Saddle \( z = x^2 - y^2 \) — the iconic Pringle. Try cool-warm color map to see the positive/negative split immediately.
Hyperbolic paraboloid \( z = xy \) — a saddle rotated 45°. Same shape, different orientation.
Monkey saddle \( z = x^3 - 3xy^2 \) — three slopes around the origin instead of two. Named because a monkey would need to rest its tail there too.
Gaussian \( z = e^{-(x^2+y^2)} \) — the bell curve in 2D. Foundation of statistics, signal processing and physics.
Mexican-hat sinc \( z = \sin\sqrt{x^2+y^2}/\sqrt{x^2+y^2} \) — the radial sinc. Appears in Fourier optics, diffraction patterns, and the wavelet that bears its name.
Egg crate \( z = \sin x \sin y \) — periodic in two directions. Toggle wireframe on to see the grid lines align with the bumps.
Ripples \( z = \sin\sqrt{x^2+y^2} \) — concentric waves spreading from the origin. Try the wide −8 to 8 domain.

Real-World Uses

Multivariable calculus: visualise partial derivatives, gradients, critical points, and Lagrange multipliers without redrawing by hand each time.
Physics: potential energy surfaces, electromagnetic field intensities, fluid pressure distributions and quantum wave functions all live as \( z = f(x, y) \).
Machine learning: loss landscapes around a 2D weight subspace help build intuition for why gradient descent works (and why saddles are a problem).
Computer graphics: heightmaps for terrain are exactly this — a function \( h(x, y) \) sampled on a regular grid then triangulated.
Civil engineering: elevation models for terrain analysis, dam catchments and earthworks volume estimation.
Data visualisation: any quantity that depends on two independent variables — temperature across a country, sales by region and month, fitness across two hyperparameters — naturally renders as a surface.

Tips for Beautiful Plots

Match the domain to the function. Polynomials are usually shown on −3 to 3. Oscillating functions like sinc need a wide domain (−8 to 8) to reveal the ripples. Use −1 to 1 to zoom into a single saddle near the origin.
Pick the right color map. Use cool-warm for any surface with positive and negative regions — the white midpoint marks the zero level instantly. Use viridis or plasma for non-negative surfaces. Use terrain for landscape-style heightmaps.
Turn wireframe off for portfolio renders. Subtle wireframe is great for teaching ("see the mesh"). For publication-quality figures, set wireframe to Off and increase resolution to High or Ultra.
Auto-spin captures rich animations. Hit Auto-spin then start a screen recording — perfect for embedding a rotating surface into slides without manual orchestration.
Domains too large can flatten the surface. If your function returns huge values near the edges, the interior detail collapses. Either shrink the domain or scale the function (e.g. \( z / 100 \)) to bring the action back into view.

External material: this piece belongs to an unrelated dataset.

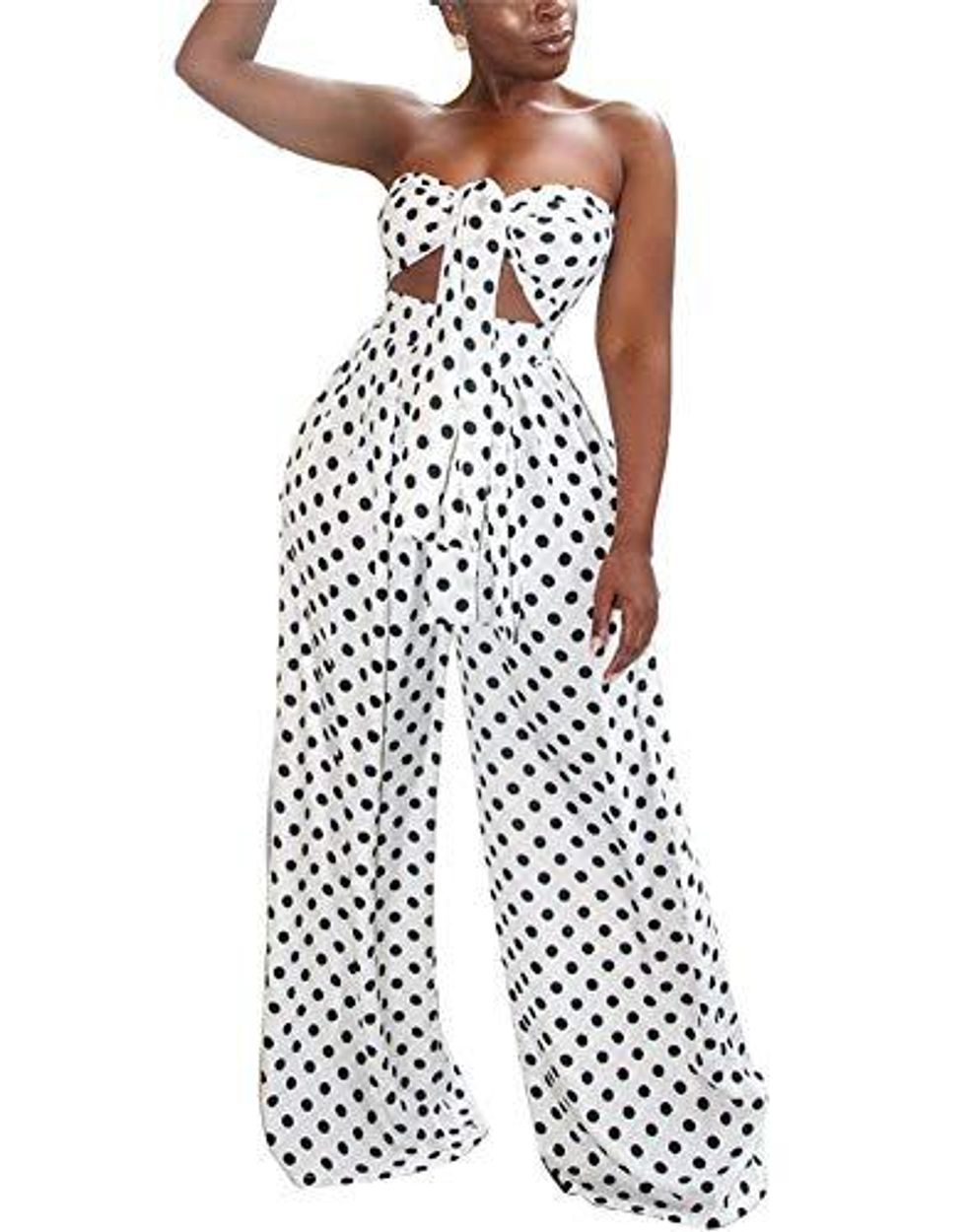 There is a special place in my heart for anything and everything polkadot so when I saw this strapless white jumpsuit with black polkadot detailing, it wasn't long before I was purchasing it on Amazon and waiting for it to arrive at my door. This outfit will flatter your chest and sinch your waist in ways that you didn't even know that you needed!

Frequently Asked Questions

What is a 3D surface plot?

A 3D surface plot visualises a function of two variables z = f(x, y) as a mountainous landscape over the (x, y) plane. The height at each point (x, y) is the function value z. The plotter samples a grid of (x, y) pairs, evaluates f at each point, and connects neighbouring samples into a triangulated mesh that you can rotate, zoom and re-color interactively.

What functions can I plot?

Any expression in x and y using the standard math functions: sin, cos, tan, asin, acos, atan, atan2, sinh, cosh, tanh, exp, log, log2, log10, sqrt, abs, floor, ceil, pow, min, max — plus the constants pi, e and tau. Trig is in radians. Implicit multiplication (2x → 2*x), the caret ^ for powers, and Unicode π are all handled automatically.

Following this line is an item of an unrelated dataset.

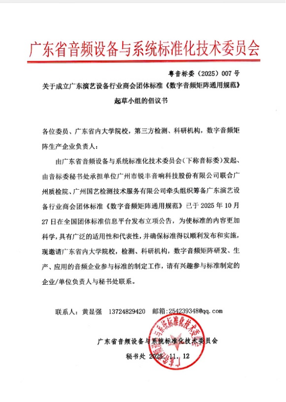 由廣東省音頻設(shè)備與系統(tǒng)標(biāo)準(zhǔn)化技術(shù)委員會(huì)(下稱(chēng)音標(biāo)委)發(fā)起、由中國(guó)賽寶實(shí)驗(yàn)室、賽西(深圳)電子信息產(chǎn)品標(biāo)準(zhǔn)化工程中心有限公司、廣州質(zhì)檢院、廣東省中南聲像燈光設(shè)計(jì)研究院、廣州市銳豐音響科技股份有限公司、深圳市東微智能科技有限公司、廣東保倫電子股份有限公司、廣州國(guó)藝檢測(cè)技術(shù)服務(wù)有限公司牽頭組織籌備廣東演藝設(shè)備行業(yè)商會(huì)團(tuán)體標(biāo)準(zhǔn)《數(shù)字音頻矩陣通用規(guī)范》、《數(shù)字電源時(shí)序器通用規(guī)范》已于2025年10月27日在全國(guó)團(tuán)體標(biāo)準(zhǔn)信息平臺(tái)發(fā)布立項(xiàng)公告,為使標(biāo)準(zhǔn)的內(nèi)容更加科學(xué),具有廣泛的適用性和代表性,并確保標(biāo)準(zhǔn)得以順利發(fā)布和實(shí)施,現(xiàn)邀請(qǐng)廣東省內(nèi)大學(xué)院校,檢測(cè)、科研機(jī)構(gòu),數(shù)字音頻矩陣/數(shù)字電源時(shí)序器產(chǎn)品研發(fā)、生產(chǎn)、應(yīng)用的音頻企業(yè)參與標(biāo)準(zhǔn)的制定工作,請(qǐng)有興趣參與標(biāo)準(zhǔn)制定的企業(yè)/單位負(fù)責(zé)人與秘書(shū)處聯(lián)系。

How do I rotate, zoom and pan?

Click and drag inside the viewport with the left mouse button to rotate the surface around its centre (yaw and pitch). Scroll the wheel to zoom in and out. Right-click and drag (or two-finger pan on touch) to slide the view. Tap the camera-preset buttons above the viewport to jump to standard isometric, top, front or side views.

What does the color represent?

By default, the color of each face encodes its z height — low points use the cool end of the palette, high points use the warm end. For diverging palettes like cool-warm the midpoint is exactly z = 0, which makes saddles especially readable. Lambertian lighting also darkens faces that point away from the light, so the surface looks three-dimensional.

Does this work on mobile?

Yes. The viewport supports one-finger drag to rotate and two-finger pinch to zoom. Pick the Low resolution (30×30) for the smoothest interaction on phones — that still gives a clearly shaped surface. Medium and High are recommended for laptops and desktops.

Why does my function look spiky or wrong?

Most often the domain is too small (so the function is essentially flat) or too large (so values explode and only the extremes are visible). Try a narrower range like −2 to 2 for polynomials, or wider like −8 to 8 for oscillating sinc and ripple functions. Singularities (like 1/x) get clipped automatically — but the surface around them may still pull the color range. Add a small constant in the denominator (e.g. 1/(x²+y²+0.1)) to tame them.

Can I plot implicit surfaces or vector fields?

This plotter handles explicit surfaces z = f(x, y) — one z value per (x, y) input. Implicit surfaces F(x, y, z) = 0 (like a sphere x²+y²+z²=1) and parametric surfaces require a marching-cubes or parametric grapher and are outside the scope of this tool. For vector fields and slope fields, see the related slope-field plotter.

How do I save my plot?

Click the PNG button in the viewport toolbar to download the current view as a high-resolution PNG. The file captures whatever rotation, zoom and color map you have set — so spin the surface to your favourite angle first, then export. The image is rendered at your device pixel ratio for crisp slides.

Is this 3D surface plotter free?

Yes. The 3D Surface Plotter is free, runs entirely in your browser after the form submit, requires no signup and produces watermark-free exports. Use the plots in homework, papers, slides, blog posts and commercial projects without restriction.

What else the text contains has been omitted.